Anyone use one? What's your feedback/reviews? How easy is it to move? I was thinking of a 4 strand system similar to this. http://www.premier1supplies.com/fencing ... ence_id=86

We are looking to set one up on about 1/4 acre this weekend. The plan is to have it be portable move the goats around every few months so they can have fresh browse and keep the pasture down. They will still have barn access and free choice alfalfa hay, water minerals, and all that good stuff.

This will need to contain 2 full sized dairy does, 1 seven month old dairy doeling, and 3 two week old bucklings. It will go inside our existing vinyl horse fencing which they can easily wander through. They are all well behaved, friendly and used to people.


----------



## liz (Oct 5, 2007)

I have my ND in a 4 hot strand fence... fiberglass posts are easily moved too, my fence is just abot 2 1/2 feet high, the only one I've had jump over the fence is my wether Teddy and I had to put another strand up at the top of the posts.

I used 6 ft T-posts as my corner posts for stability..... for containing kids, my bottom 2 strands are 5 inches from the ground and then 4 inches up from the bottom wire....for standards you can likely go with a larger expanse.
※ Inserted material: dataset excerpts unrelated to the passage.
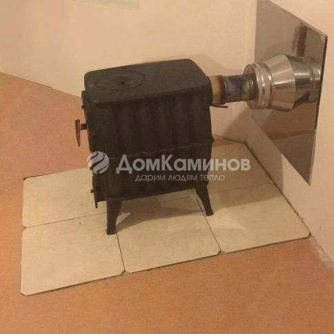 Для печи весом 106 кг не нужно стоить фундамент. Достаточно положить под дно лист из жаропрочной стали или огнеупорную плиту, что помимо защиты от возгорания позволяет распределить вес конструкции по полу и снизить нагрузку на перекрытия. Серьезную подготовительную работу придется проделать, только если в доме тонкий деревянный пол на лагах с большим шагом. В этом случае лучше разобрать участок, где будет стоять печь, и усилить основание.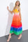 A printed woven midi dress featuring cami bodice with twisted and front cut out, straps, layered pleated skirt and back zipper closure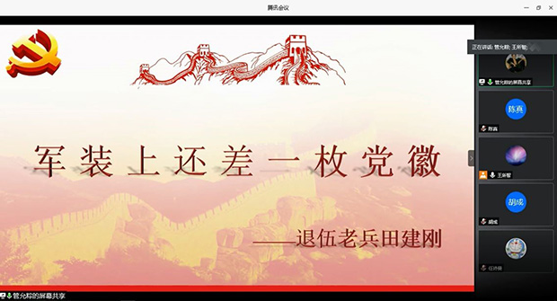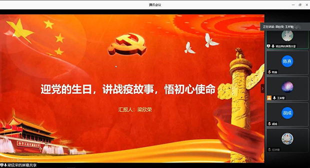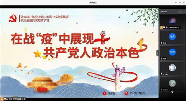研2019级测绘2班党支部开展“四个一”系列活动之专题组织生活会,主题为:迎党的生日,讲抗疫故事,悟初心使命。旨在分享宣传弘扬抗疫一线基层党组织和广大党员干部担当使命、勇毅逆行的先进事迹和精神风貌,鼓舞党员对标先进典型,争做模范党员。此次生活会利用腾讯会议平台开展,活动由党支部书记王所智同志主持,除一名党员和一名积极分子请假,其余同志悉数参会。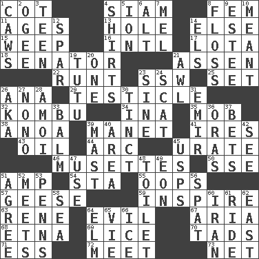 ACROSS 1. Small bed 4. Thailand, formerly 8. Opposite of masc. 11. Matures 13. Opening into or through something 14. Otherwise 15. Shed a tear 16. International (abbr.) 17. Globular water bottle used in Asia 18. Legislator 21. NE Netherlands city 22. The smallest animal of a litter 23. Compass dir. 25. Put into a specified state 26. Santa ___, CA 29. A testis 32. Dried seaweed eaten as food 34. _ tizzy (2 wds.) 35. Crowd into 38. Small Philippine buffalo 39. French painter Edouard 41. Angers 43. Petroleum 44. Curve 45. A salt of uric acid 46. French bagpipes 50. Compass dir. 51. Electrical Unit 54. R.R. building 55. I made a mistake 57. Honkers 59. Heighten or intensify 63. French philosopher Descartes 64. Morally bad or wrong 67. Operatic vocal solo 68. Inactive volcano in Sicily 69. Louse (plural) 70. Small boys 71. Double-curved letter 72. Confront 73. Remaining after all deductions DOWN 1. Crow sounds 2. Double curve, resembling the letter S 3. Adolescent 4. Chest coverings 5. Electrically charged atom 6. Keyboard modifier key 7. Cartoonist voice _ Blanc 8. Soft thread for cleaning between teeth 9. First name in cosmetics 10. Intended 12. Practice fight 14. Raised railways 19. Ballerina skirt 20. Single 21. Leather borer 23. Trig term 24. Go away! 26. Alias (abbr.) 27. Words to Nanette 28. Mine, in Marseilles 30. Tinged 31. Arab leader 33. Lip ointment 36. Mouths or openings 37. Wagers 39. Vertical spar for supporting sails 40. Type of rug 42. Perceive with the eye 45. United States Postal Service (abbr.) 47. Purpose 48. Bathroom 49. Period of immesurable duration 51. Match 52. Confronts 53. Actor Sean's family 56. Argument over a trivial matter 58. Ocean 60. SW Asia republic 61. Travel on an animal 62. 90 degrees 64. Shade tree 65. Compete 66. Frozen water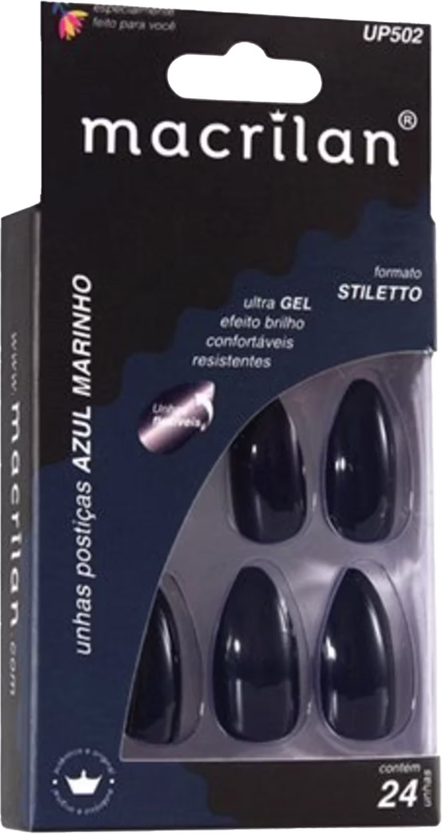 Macrilan Stiletto Azul Marinho UP502 - Unhas Postiças (24 Unidades)
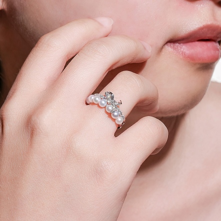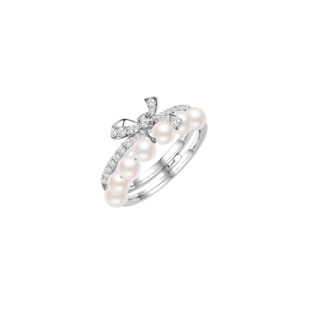 18K白金、天然日本養珠7顆、小鑽32顆 0.32克拉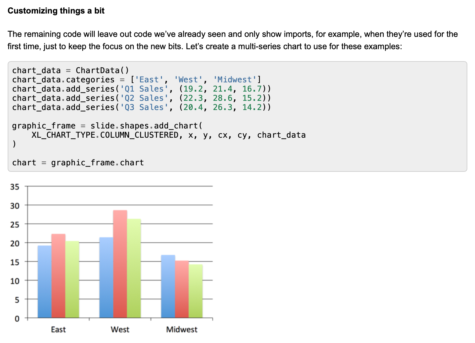 Below is a screenshot from the documentation showing how to make charts in pptx.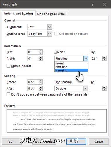要设置悬挂缩进,您还可以转到 Ribbon> Paragraph>点击段落设置箭头以显示对话框。在缩进下,点击特殊>悬挂。默认情况下,悬挂缩进量设置为0.5英寸。

*edited to add that I use aluminum wire and a Zareba fencer*


----------



## BareCreekFarm (Nov 20, 2011)

I have not used that specific fence that you are talking about, because all of our fences are permanent. But ALL of our fence chargers are from Premier1, they are the best quality and they provide the best customer service! Our fence charger melted in a barn fire (we did not lose the barn ray and Premier1 is repairing it instead of making us buy a new one!


----------



## .:Linz:. (Aug 25, 2011)

I can't speak for the portability of the fence because our fence is permanant, nor the brand because I don't know what brand our charger is, but we have a 5-strand, high-tensile electric fence, well actually 6 strand in the goat pasture because Dad added a bottom wire (the pasture was originally fenced for cows/horses) and it works well. Only 3 strands are hot - top, middle, and bottom - and the second wire has the white coating for better visibility for the animals.


----------